Researchers have demonstrated an association between consuming more whole grains and improved measures of risk factors for CVD.
In the research, which appears in the Journal of Nutrition, the researchers also found an association between eating more refined grains and worse measures of some of these risk factors.
The findings provide further evidence that increased consumption of whole grains has health benefits.
According to the World Health Organization (WHO), CVDs “are the leading cause of death globally.” In 2019, almost 18 million people died due to CVDs — the vast majority by either stroke or heart attack.
The Centers for Disease Control and Prevention (CDC) note that in the United States, a person dies from CVD every 36 seconds, accounting for 1 death in every 4.
To prevent CVD, the CDC advises that a person avoids smoking, avoids overweight and obesity, and stays physically active. The CDC also suggests a person should eat as healthy a diet as possible.
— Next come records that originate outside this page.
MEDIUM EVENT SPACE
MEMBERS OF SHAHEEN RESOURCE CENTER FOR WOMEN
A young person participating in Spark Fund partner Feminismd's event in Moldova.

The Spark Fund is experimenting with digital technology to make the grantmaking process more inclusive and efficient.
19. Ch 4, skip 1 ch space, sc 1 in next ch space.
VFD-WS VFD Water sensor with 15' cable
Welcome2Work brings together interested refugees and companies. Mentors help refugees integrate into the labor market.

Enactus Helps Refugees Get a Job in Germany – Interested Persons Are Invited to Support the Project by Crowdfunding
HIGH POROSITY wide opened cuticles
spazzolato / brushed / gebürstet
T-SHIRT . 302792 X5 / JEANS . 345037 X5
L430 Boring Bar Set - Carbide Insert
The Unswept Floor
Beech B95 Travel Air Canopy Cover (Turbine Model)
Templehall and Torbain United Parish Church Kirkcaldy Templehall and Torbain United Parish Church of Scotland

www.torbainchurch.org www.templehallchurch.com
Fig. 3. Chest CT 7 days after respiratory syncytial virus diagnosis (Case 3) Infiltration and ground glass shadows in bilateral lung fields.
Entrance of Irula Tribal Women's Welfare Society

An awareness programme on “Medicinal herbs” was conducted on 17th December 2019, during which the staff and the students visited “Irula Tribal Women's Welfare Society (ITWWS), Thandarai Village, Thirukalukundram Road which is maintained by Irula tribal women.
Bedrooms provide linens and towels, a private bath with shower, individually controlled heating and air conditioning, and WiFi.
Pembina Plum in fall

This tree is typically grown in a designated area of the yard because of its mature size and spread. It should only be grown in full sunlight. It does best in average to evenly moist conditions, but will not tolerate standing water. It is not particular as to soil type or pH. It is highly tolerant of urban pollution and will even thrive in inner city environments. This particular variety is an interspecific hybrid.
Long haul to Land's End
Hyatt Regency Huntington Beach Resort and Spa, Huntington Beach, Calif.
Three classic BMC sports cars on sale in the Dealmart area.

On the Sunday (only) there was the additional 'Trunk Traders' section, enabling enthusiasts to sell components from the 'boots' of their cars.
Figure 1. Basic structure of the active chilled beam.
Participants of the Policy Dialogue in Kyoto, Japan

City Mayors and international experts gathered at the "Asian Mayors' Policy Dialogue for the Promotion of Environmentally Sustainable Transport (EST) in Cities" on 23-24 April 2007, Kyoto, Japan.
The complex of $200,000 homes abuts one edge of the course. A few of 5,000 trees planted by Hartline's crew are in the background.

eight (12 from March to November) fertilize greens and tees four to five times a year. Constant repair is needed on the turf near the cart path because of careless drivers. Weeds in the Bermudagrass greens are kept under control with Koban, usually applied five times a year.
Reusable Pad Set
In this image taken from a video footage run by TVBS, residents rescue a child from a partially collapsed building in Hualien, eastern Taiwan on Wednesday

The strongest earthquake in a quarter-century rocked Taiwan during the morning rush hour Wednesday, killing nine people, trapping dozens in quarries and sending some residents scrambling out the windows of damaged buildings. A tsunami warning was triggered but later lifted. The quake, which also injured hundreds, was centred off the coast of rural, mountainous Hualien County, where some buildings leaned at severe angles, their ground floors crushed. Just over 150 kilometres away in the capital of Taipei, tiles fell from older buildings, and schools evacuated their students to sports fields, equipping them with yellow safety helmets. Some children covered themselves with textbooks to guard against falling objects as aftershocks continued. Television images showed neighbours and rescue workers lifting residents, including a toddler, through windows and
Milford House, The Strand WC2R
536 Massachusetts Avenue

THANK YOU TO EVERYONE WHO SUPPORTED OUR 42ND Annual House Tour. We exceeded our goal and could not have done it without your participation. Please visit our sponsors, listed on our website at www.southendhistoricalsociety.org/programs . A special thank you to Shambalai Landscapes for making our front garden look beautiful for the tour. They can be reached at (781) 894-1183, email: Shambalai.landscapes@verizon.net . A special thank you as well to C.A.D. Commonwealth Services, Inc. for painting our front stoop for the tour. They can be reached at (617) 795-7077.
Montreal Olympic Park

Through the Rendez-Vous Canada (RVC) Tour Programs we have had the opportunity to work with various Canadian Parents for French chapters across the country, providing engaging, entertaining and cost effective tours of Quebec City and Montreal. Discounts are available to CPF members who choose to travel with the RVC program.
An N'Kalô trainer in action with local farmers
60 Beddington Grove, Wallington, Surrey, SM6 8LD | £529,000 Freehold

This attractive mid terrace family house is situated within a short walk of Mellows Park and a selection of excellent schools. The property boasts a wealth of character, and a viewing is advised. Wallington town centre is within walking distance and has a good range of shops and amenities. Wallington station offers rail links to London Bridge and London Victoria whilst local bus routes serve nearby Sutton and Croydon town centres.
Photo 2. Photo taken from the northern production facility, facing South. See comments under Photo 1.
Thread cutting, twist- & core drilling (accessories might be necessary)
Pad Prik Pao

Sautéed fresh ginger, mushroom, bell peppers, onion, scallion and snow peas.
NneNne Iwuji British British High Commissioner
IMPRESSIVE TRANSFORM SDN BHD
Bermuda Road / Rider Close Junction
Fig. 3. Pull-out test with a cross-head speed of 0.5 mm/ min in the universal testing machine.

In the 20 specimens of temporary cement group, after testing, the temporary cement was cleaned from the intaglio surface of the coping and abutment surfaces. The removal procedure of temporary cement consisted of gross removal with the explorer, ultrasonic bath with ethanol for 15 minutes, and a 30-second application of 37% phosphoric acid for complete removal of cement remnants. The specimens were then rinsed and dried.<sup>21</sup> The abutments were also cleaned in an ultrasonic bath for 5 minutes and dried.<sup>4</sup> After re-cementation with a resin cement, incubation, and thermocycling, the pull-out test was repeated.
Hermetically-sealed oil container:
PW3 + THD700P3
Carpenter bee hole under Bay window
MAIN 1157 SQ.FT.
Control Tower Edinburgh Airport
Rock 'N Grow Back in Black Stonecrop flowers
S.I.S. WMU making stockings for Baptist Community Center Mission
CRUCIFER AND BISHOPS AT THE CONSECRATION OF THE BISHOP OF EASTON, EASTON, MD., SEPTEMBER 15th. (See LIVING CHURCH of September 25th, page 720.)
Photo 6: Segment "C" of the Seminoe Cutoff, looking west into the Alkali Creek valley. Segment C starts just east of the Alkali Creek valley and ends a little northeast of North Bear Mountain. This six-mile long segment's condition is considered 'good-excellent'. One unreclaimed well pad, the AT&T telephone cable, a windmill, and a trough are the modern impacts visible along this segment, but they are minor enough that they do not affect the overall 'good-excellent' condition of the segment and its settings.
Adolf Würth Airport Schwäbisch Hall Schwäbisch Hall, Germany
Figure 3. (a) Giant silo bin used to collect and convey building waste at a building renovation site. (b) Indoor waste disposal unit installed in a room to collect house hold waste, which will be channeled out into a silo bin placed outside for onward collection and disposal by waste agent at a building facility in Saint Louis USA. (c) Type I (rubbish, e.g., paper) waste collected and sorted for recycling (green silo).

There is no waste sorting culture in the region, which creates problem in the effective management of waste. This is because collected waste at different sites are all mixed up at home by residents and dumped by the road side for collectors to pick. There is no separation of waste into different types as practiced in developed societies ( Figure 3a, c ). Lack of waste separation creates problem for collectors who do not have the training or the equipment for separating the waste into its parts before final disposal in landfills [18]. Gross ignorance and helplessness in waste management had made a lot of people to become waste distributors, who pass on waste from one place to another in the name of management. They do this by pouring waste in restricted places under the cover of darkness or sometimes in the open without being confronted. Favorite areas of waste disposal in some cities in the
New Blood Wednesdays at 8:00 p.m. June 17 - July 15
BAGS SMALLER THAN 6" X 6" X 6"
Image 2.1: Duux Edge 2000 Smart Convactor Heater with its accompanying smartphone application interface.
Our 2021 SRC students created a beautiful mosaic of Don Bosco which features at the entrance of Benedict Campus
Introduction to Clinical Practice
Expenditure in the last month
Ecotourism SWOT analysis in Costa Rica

A 2015 review indicated that eating a healthier diet — including more fruit, vegetables, whole grains, legumes, fish, vegetable oil, and poultry — could reduce a person’s risk of CVD by a third.
More specifically, researchers have found significant evidence for the beneficial effects of eating more whole grains. This reduces the risk of CVD and death due to cancer, respiratory disease, infectious disease, and all-cause mortality.
However, there has been less research looking at the relationship between whole grain consumption and the early warning signs of CVD.
These early signs include a person’s waist circumference, blood pressure, levels of fasting plasma high-density lipoprotein (HDL), or “good” cholesterol, plasma triglyceride, and blood glucose.